Neutrophil-Derived Myeloperoxidase Facilitates Both the Induction and Elicitation Phases of Contact Hypersensitivity

Affiliations

Neutrophil-Derived Myeloperoxidase Facilitates Both the Induction and Elicitation Phases of Contact Hypersensitivity

Anna Strzepa et al. Front Immunol. .

Abstract

Background: Allergic contact dermatitis (ACD) is a common skin disorder affecting an estimated 15-20% of the general population. The mouse model of ACD is contact hypersensitivity (CHS), which consists of two phases: induction and elicitation. Although neutrophils are required for both CHS disease phases their mechanisms of action are poorly understood. Neutrophils release myeloperoxidase (MPO) that through oxidation of biomolecules leads to cellular damage.

Objectives: This study investigated mechanisms whereby MPO contributes to CHS pathogenesis.

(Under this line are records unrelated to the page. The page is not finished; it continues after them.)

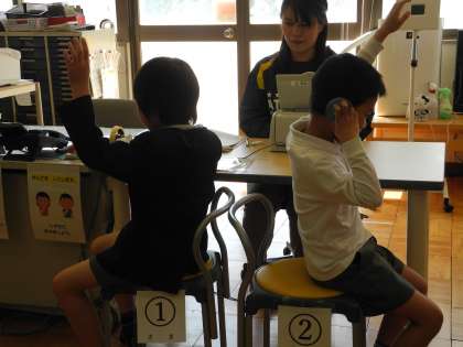 小さな音が聞こえたら、手をあげて検査をする先生に知らせました。また、順番を待っている子どもたちは、静かに待っていました。
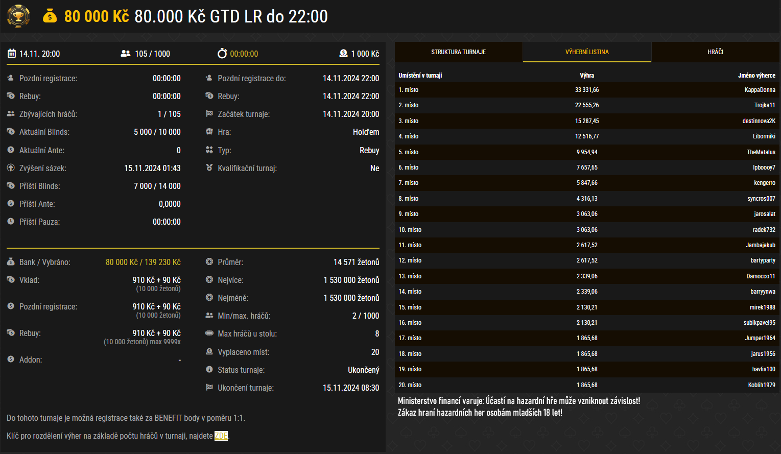 Jak již asi tušíte, turnaj vyhrál hráč KappaDonna, kterého jsme zmínili v úvodu článku. Za porážku všech 125 protivníků si odnesl výhru 68.043 Kč.
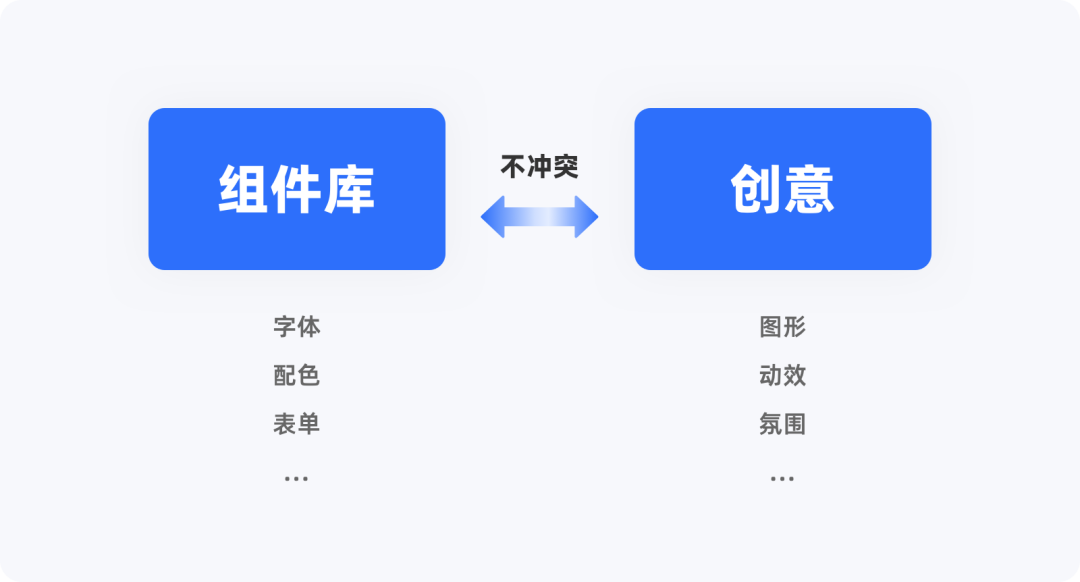 部分設計師認為 “拼組件會扼殺創意”,實則是對組件庫的誤解:組件庫解決的是復用率高的重復性設計需求(如字體、配色、表單、基礎控件),而在圖形設計、動效表現、背景氛圍、視覺亮點等方面,設計師仍有極大的創意發揮空間。
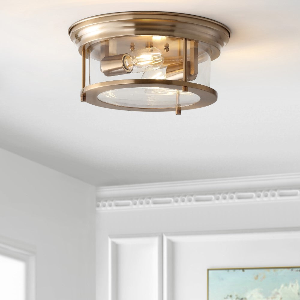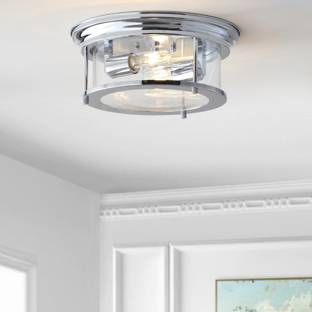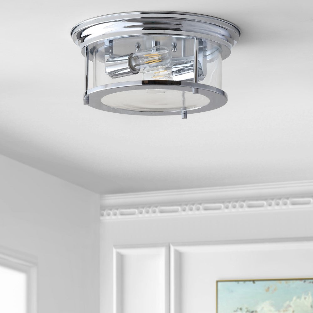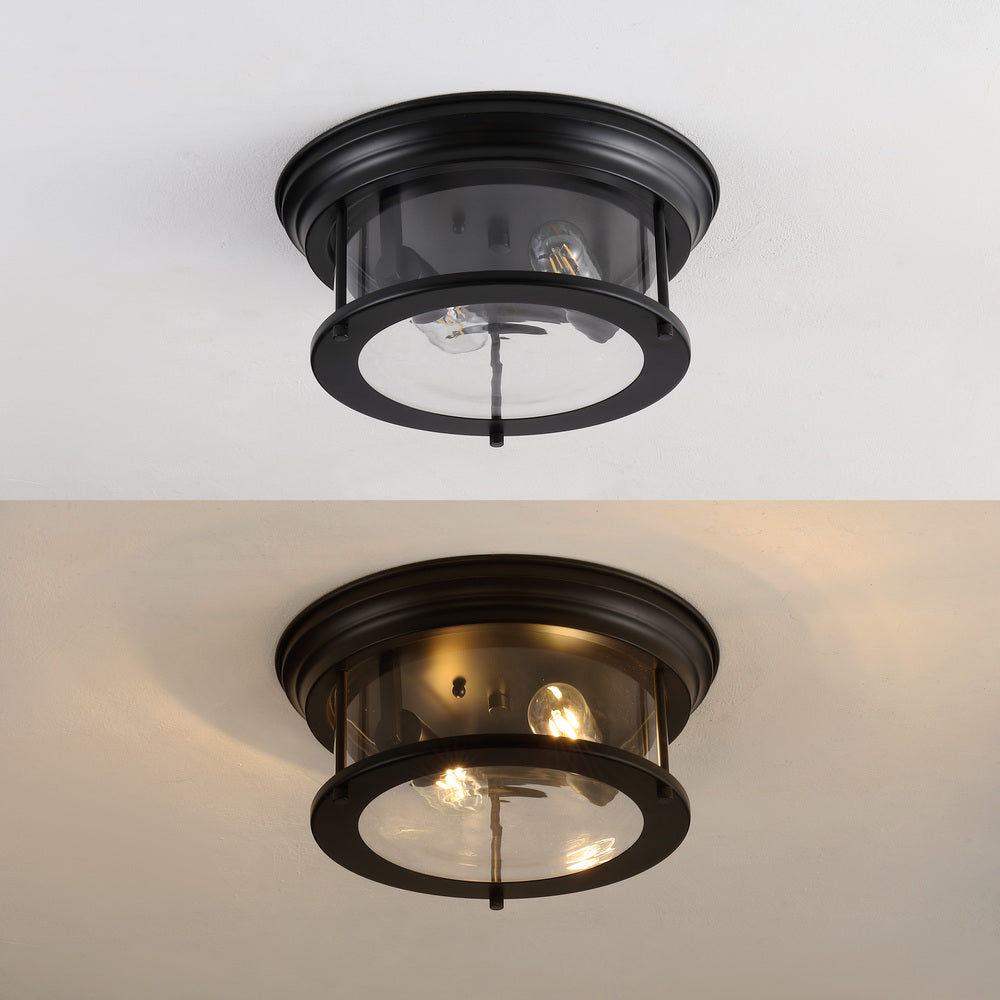 - A classic portal flush mount with glass walls emits direct light horizontally and diffused light below
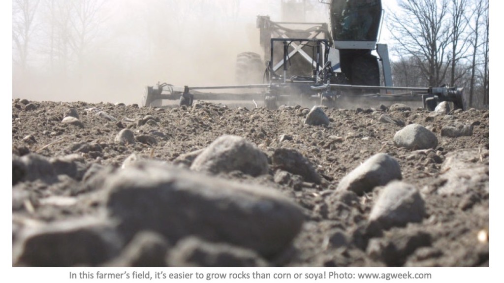 These rocks re associated with glacial deposits: soils pushed to the spot thousands of years ago by glaciers mixing sand, clay … and stones of all shapes and sizes. The soil is full of them, often to great depths, and they keep migrating upwards over time … but why?

Methods: CHS was induced in mice using oxazolone (OX) as the initiating hapten applied to the skin. After 7 days, CHS was elicited by application of OX to the ear and disease severity was measured by ear thickness and vascular permeability in the ear. The role of MPO in the two phases of CHS was determined utilizing MPO-deficient mice and a specific MPO inhibitor.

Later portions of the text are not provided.